Una Mullally: Mainstream media invented fake news

There have always been ridiculous stories and a tacit understanding between publishers and editors

Better known for the  eponymous journalism awards Joseph Pulitzer turned the fortunes of The New York World around by focussing on sensationalism. Credit Columbia University.
Better known for the eponymous journalism awards Joseph Pulitzer turned the fortunes of The New York World around by focussing on sensationalism. Credit Columbia University.

During this time of post-truth (aka, lies), and fake news, it’s been interesting to watch traditional journalism examine this phenomenon as if it’s some curious new discovery. Journalism has been faking things since it began. And not “faking” things in a conspiratorial-tinfoil-hat-lizardmen kind of way, but merely out of desperation and insolence. As a deadline-driven sport with massive financial constraints, commercial pressures, public demands and frequently the subject of vicious criticism, it is an industry overly populated by misanthropes who are both insecure and egotistical, as well as plenty of very good and well-meaning people indeed who work hard to expose truth and hold power to account. There are two “mainstream medias” really; the good stuff, and the dodgy stuff. There are the outlets that actually stick to what’s real and true, and there are those who spend far too much time pushing those boundaries into sticky, unstable landscapes where far too many liberties are taken.
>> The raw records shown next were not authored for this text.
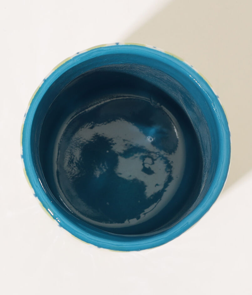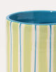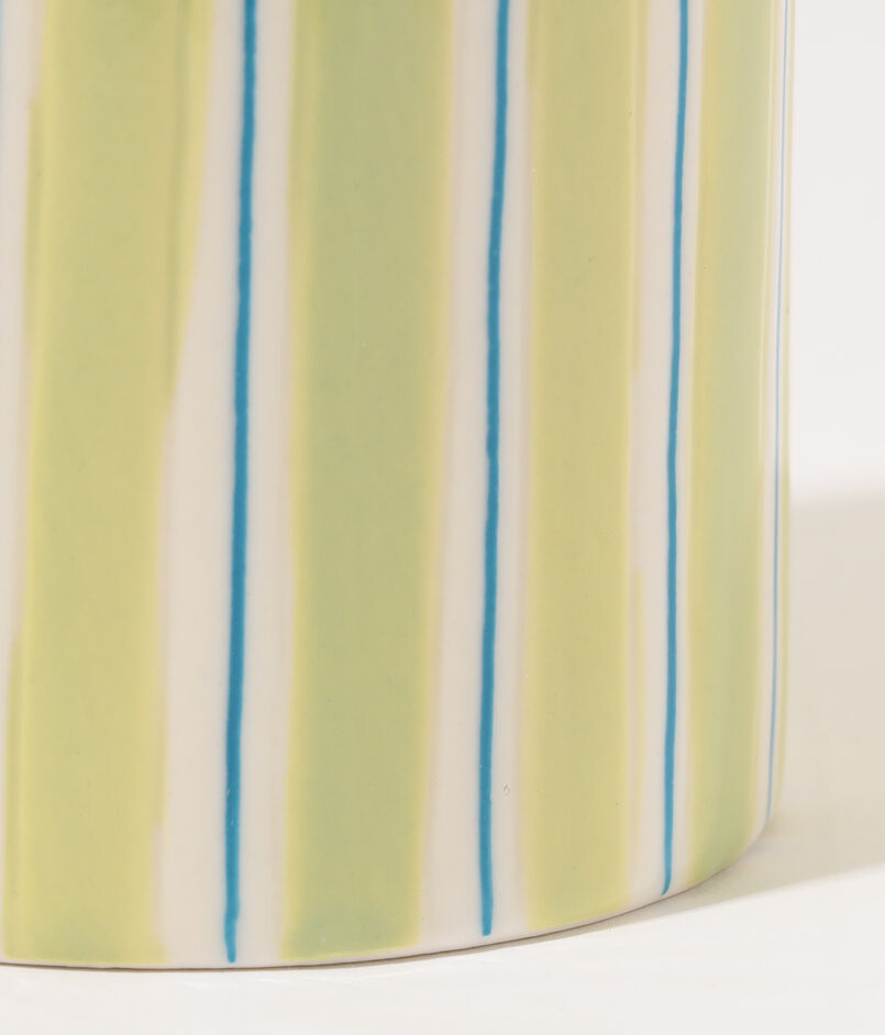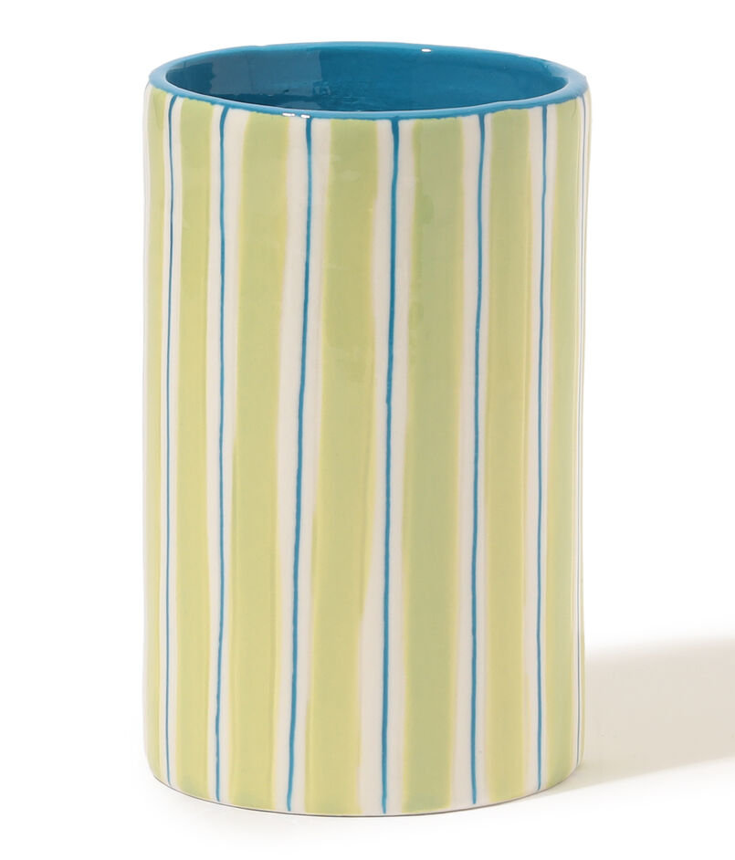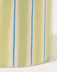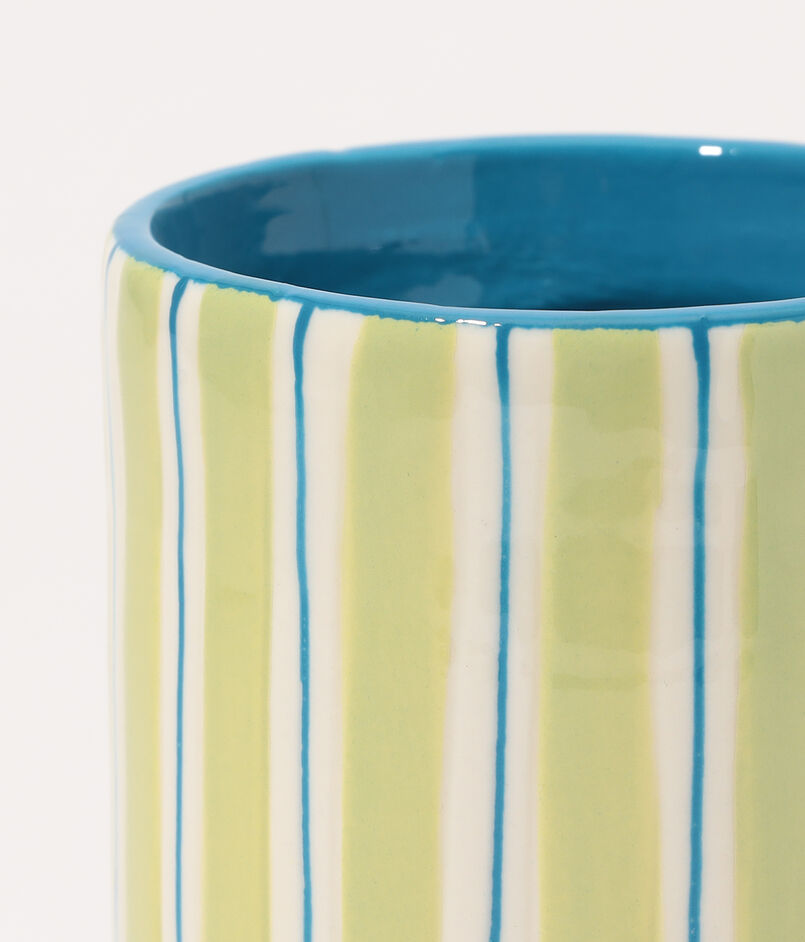 グリーンとブルーのストライプ柄が特徴的なこの花瓶は、どんなテーブルセッティングにもスタイリッシュなアクセントを添えます。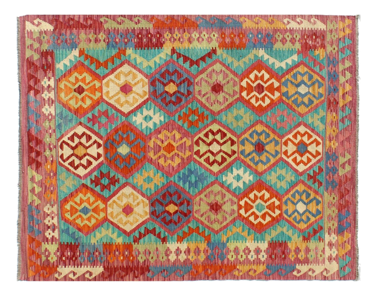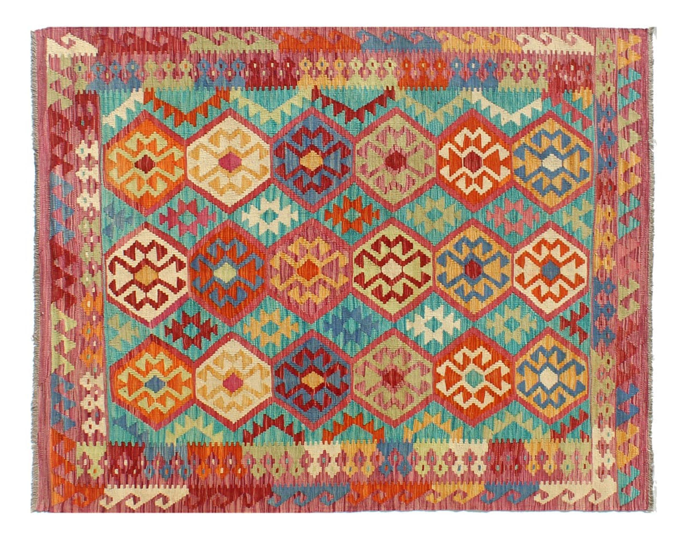 Questo kilim - afghano tessuto a mano è bello sia per i suoi colori e sia per il modello tipico. È stato tessuto a mano in Afghanistan con il 100% di lana. È anche robusto e durevole. Un vero e proprio profitto per voi e per la vostra casa.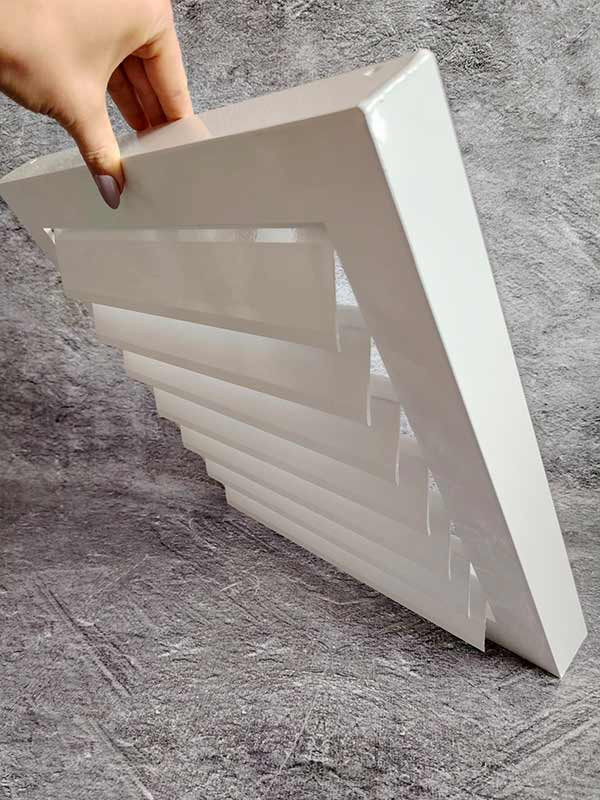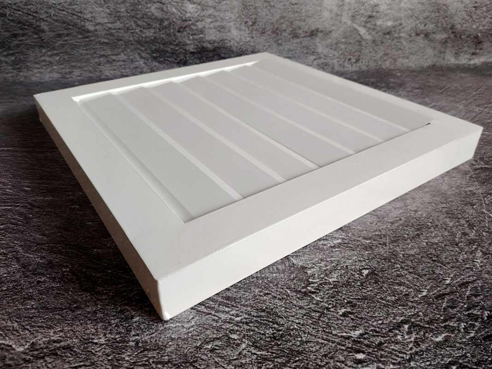 Решетка может комплектоваться адаптером для подключения к воздуховоду. Стандартное покрытие - полиэфирная порошковая краска белого цвета (RAL 9016), по запросу доступна окраска в другие цвета по шкале RAL.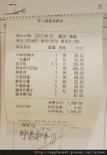 這是2人吃的價錢,上面金額是人民幣。看到帳單還是不免要對那和牛嘆氣,因為牠價格到位了,品質卻沒到位。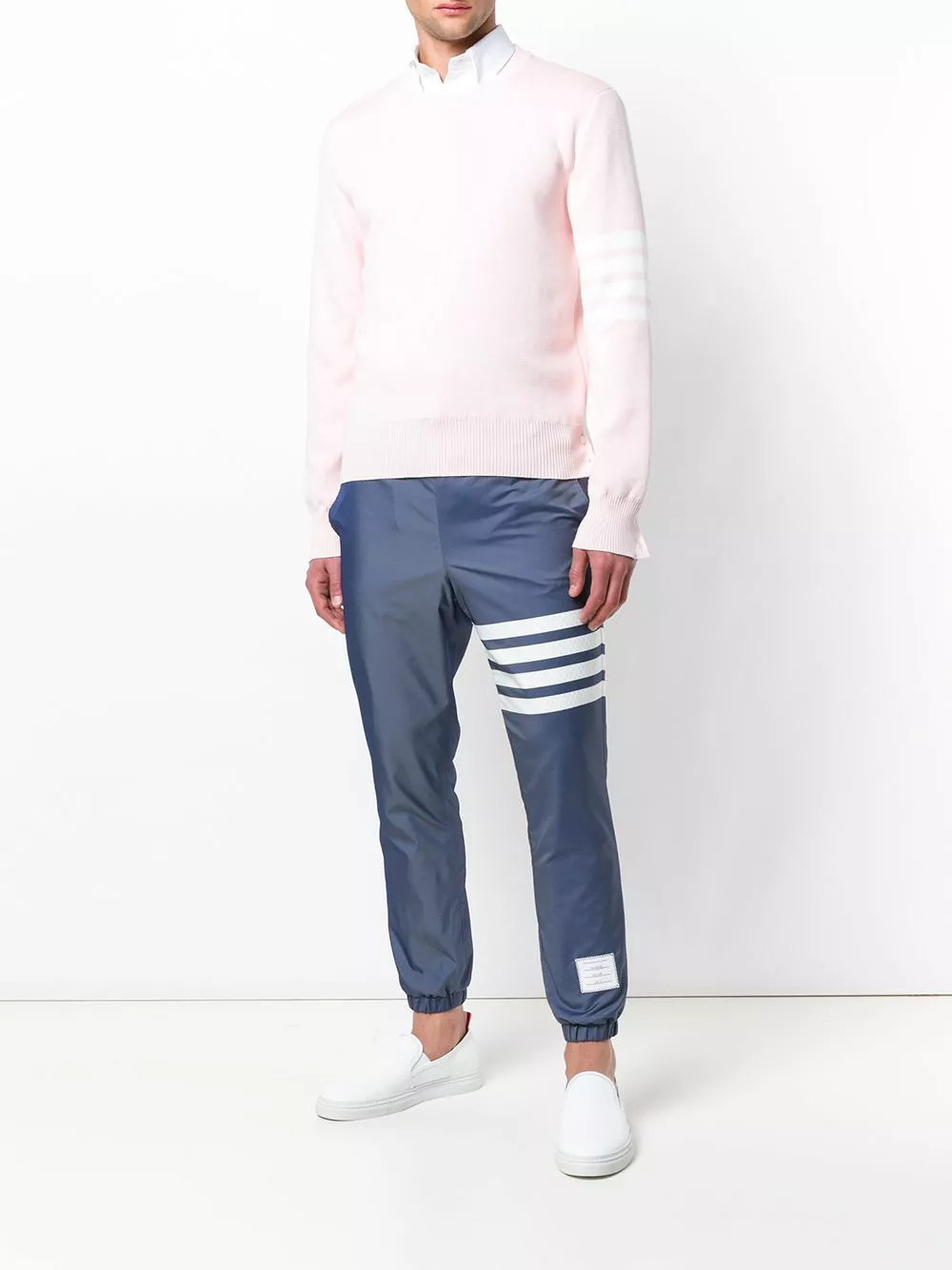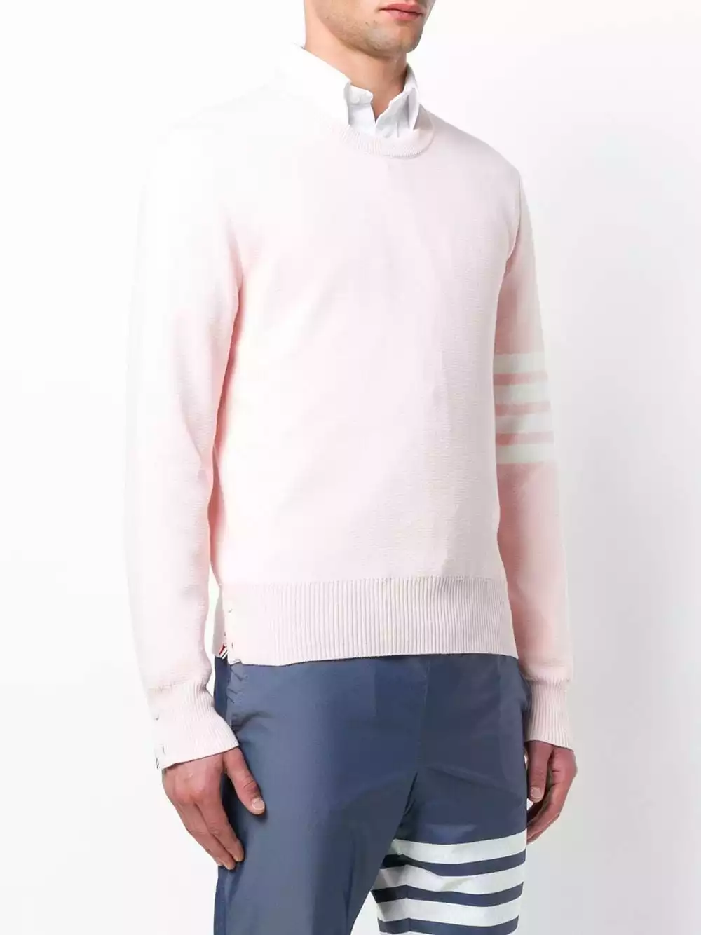 Keep cosy in comfort. You’re covered, with Thom Browne’s 4-Bar detail, long sleeve jumper. You’ve earnt your style stripes with this design.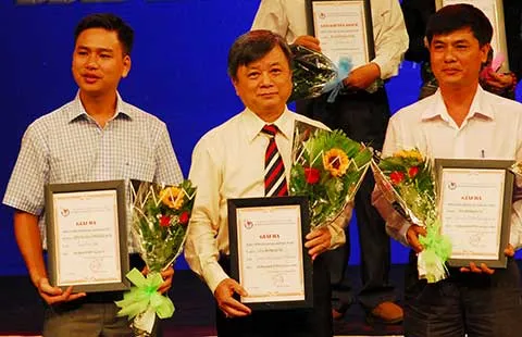 Luật sư Trương Trọng Nghĩa (phải) nhận giải ba bài chính luận và đại diện báo Pháp Luật TP.HCM nhận giải ba loạt bài tập thể. Ảnh: HTD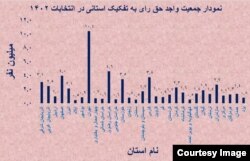 نمودار زیر جمعیت واجد حق رأی در انتخابات دوازدهمین دورۀ مجلس را به تفکیک استانها نشان میدهد.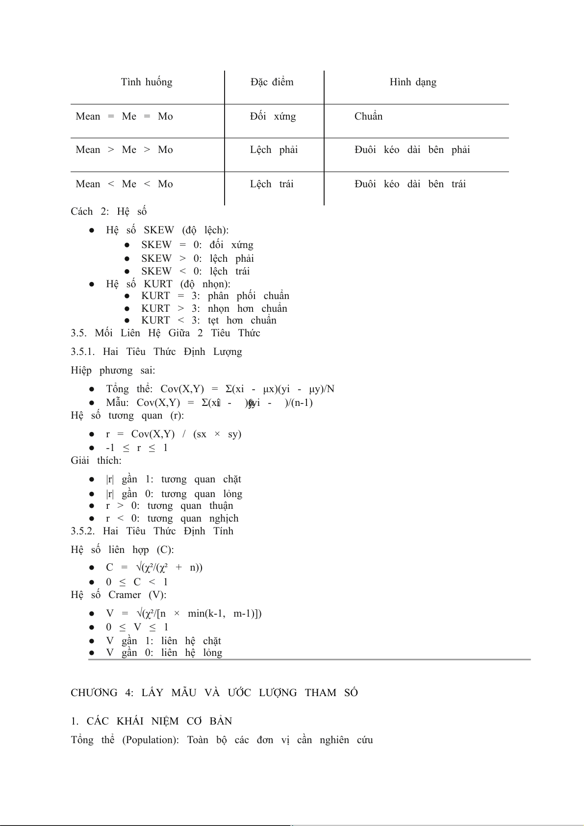 ● Tổng thể: Cov(X,Y) = Σ(xi - μx)(yi - μy)/N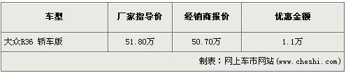 進(jìn)口大眾PASSAT R36車型已經(jīng)在全國正式上市了,不過對于這樣一款B級性能車型,國內(nèi)的消費(fèi)者估計還需要一個認(rèn)識的過程。以免落入又一個改款領(lǐng)馭的錯覺中。近日,編輯從廣州地區(qū)的一家進(jìn)口大眾經(jīng)銷商處了解到,現(xiàn)在此店內(nèi)的PASAAT R36車型的三廂版,顏色均為黑色,目前購買有1.1萬元的優(yōu)惠,而旅行版則需要預(yù)訂,大概需要三個星期的時間,目前沒有現(xiàn)金優(yōu)惠。具體價格如下: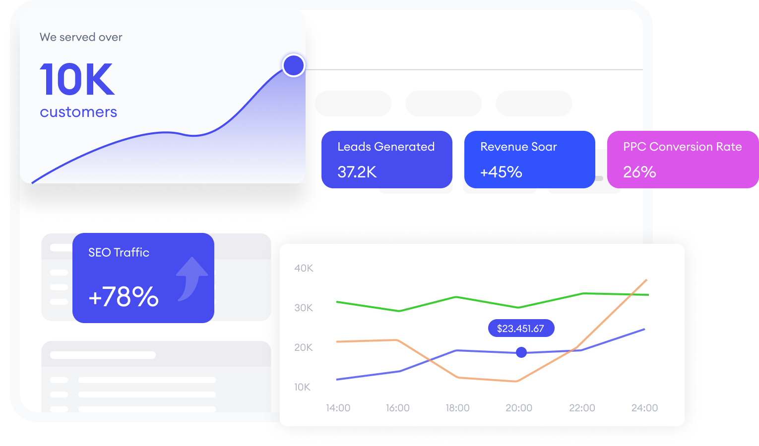 Traffic Growth 260%126% Increase in Deals157% Revenue Boost for Ads PromotionApp Visibility Increase 155%86% Client Retention Rate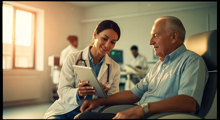 A female doctor in a white coat shows a tablet to a seated elderly man in a light blue shirt in a well-lit clinic setting.

There is nothing more frustrating for a decent journalist than to see massive lapses in standards or rubbish stories or colleagues in various outlets being suspect with the truth, taking things out of context, or simply making things up. The thing is, when a decent journalism outlet gets things really wrong, it faces brutal punishment. Libel and defamation laws and payouts, public horror, boycotts and rage. But we also have to admit to ourselves that there are plenty of outlets so dodgy that we don’t even make a scene when something fabricated appears pretending to be real.

To trace the origins of this contemporary wave of fake news, we should examine the (relatively modern) version of the history of fake news through the lenses of yellow journalism (populist, sensational “news”, that was often wildly inaccurate, overly focused on human interest, and obsessed with scandal) in America, and tabloid journalism in Britain. In the States, the roots of this style of America-targeted “fake news” can probably be traced to the circulation wars between Joseph Pulitzer and William R. Hearst in the closing years of the 19th century. While today Pulitzer’s name is synonymous with the highest standards of American journalism, this element of his impact on the industry, although less salubrious, is incredibly significant. Pulitzer turned the fortunes of The New York World around by focussing on sensationalism, and also by populating the newspaper with illustrations. In turn, Pulitzer himself was also the victim of sensationalism, this time of a kind that has reemerged in contemporary “fake news” - anti-semitism. Pulitzer’s other popular achievements - crowdfunding the pedestal for the Statue Of Liberty, his role in the Democratic Party, founding the Columbia School of Journalism and his endowment which became the Pulitzer Prizes, his fights in the name of freedom of the press - tend to overshadow his less tasteful contribution to American journalism, but in perfecting his own brand of tabloidism, he gifted American journalism a trend that would be reinvented time and time again.

Meanwhile, Alfred Harmsworth, was technically an Irishman born in Chapelizod, although his title of “1st Viscount Northcliffe” doesn’t exactly mark him out as a Dub. In the late 1890s, Harmsworth stated to publish the Daily Mail, and in 1903 birthed The Daily Mirror. His influence over tabloid journalism was vast, steering titles that both responded to and shaped popular opinion.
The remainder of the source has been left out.